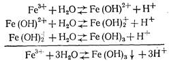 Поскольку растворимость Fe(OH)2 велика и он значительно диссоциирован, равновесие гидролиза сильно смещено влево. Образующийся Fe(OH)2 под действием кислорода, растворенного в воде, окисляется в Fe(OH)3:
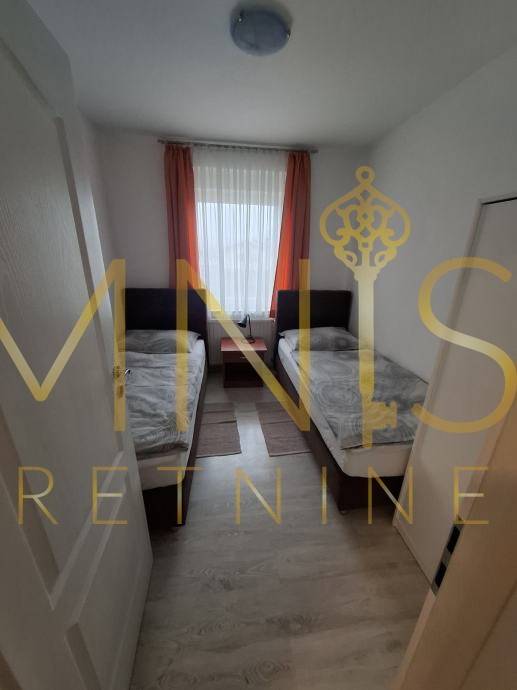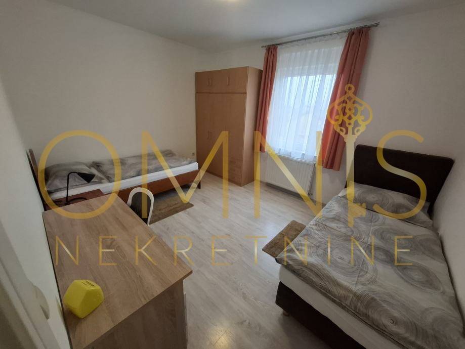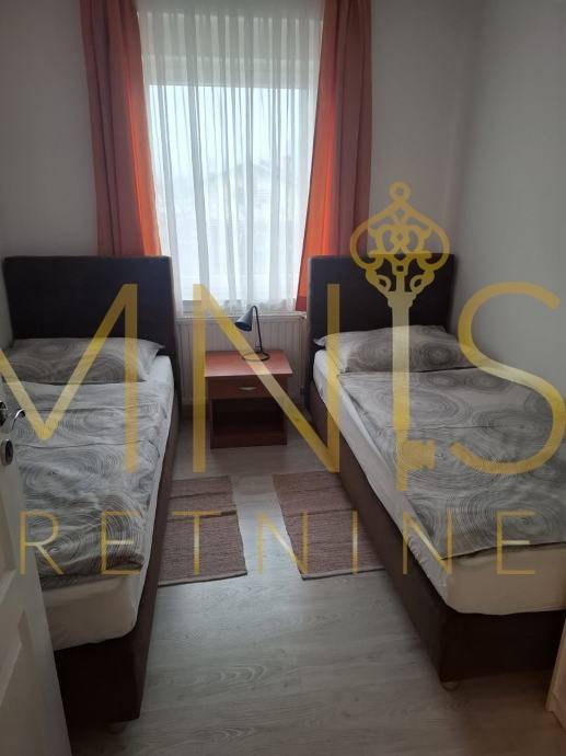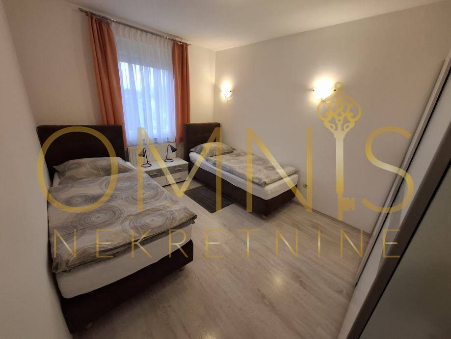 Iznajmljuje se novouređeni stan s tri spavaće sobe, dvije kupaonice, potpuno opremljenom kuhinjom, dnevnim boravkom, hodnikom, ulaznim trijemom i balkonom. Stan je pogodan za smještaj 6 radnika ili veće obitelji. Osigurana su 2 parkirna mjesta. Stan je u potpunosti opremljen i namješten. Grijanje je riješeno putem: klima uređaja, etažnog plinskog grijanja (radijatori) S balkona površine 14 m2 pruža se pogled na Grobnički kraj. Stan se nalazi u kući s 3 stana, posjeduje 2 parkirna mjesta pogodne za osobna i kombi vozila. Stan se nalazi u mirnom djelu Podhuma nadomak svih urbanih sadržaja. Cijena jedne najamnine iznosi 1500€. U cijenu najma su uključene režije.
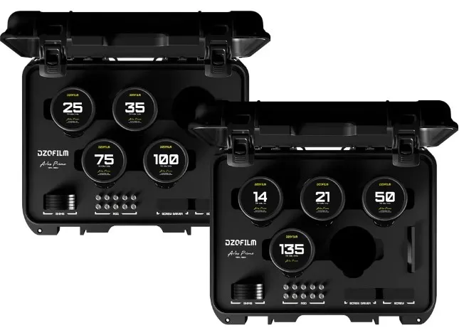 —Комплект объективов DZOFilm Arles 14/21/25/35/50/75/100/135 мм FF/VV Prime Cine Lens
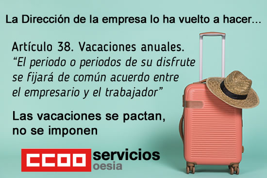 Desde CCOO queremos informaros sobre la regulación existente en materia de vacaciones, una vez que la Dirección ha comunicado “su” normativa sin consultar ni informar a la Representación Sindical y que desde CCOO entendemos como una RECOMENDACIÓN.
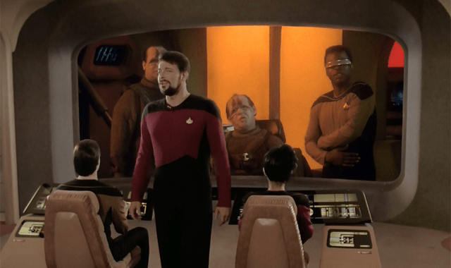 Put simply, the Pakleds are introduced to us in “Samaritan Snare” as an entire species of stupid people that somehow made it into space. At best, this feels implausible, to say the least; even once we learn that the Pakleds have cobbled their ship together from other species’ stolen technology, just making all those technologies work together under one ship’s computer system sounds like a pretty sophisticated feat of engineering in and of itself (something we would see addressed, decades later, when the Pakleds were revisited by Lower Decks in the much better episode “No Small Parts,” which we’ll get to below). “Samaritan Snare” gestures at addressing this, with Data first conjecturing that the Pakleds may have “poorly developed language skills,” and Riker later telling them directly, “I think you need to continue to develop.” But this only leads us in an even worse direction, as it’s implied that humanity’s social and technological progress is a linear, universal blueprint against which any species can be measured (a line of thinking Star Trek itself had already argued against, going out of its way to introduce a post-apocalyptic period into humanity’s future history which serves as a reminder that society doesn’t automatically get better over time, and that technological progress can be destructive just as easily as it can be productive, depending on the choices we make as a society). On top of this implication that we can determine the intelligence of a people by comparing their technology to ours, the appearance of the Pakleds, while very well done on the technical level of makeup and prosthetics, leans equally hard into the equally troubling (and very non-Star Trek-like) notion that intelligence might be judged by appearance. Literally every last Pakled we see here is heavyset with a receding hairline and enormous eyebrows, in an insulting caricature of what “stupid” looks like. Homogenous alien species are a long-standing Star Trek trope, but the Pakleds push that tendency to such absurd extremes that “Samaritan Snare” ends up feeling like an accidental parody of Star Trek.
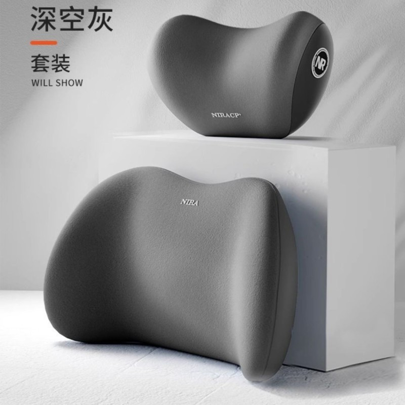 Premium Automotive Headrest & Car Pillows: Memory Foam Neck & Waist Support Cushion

Aim of the exercise >> For this exercise, reproduce exactly the lines of the records above from the one with "Prime Cine Lens" up to and including the one with "Desde CCOO queremos", without pictures.

Answer section >>
 —Комплект объективов DZOFilm Arles 14/21/25/35/50/75/100/135 мм FF/VV Prime Cine Lens
 Desde CCOO queremos informaros sobre la regulación existente en materia de vacaciones, una vez que la Dirección ha comunicado “su” normativa sin consultar ni informar a la Representación Sindical y que desde CCOO entendemos como una RECOMENDACIÓN.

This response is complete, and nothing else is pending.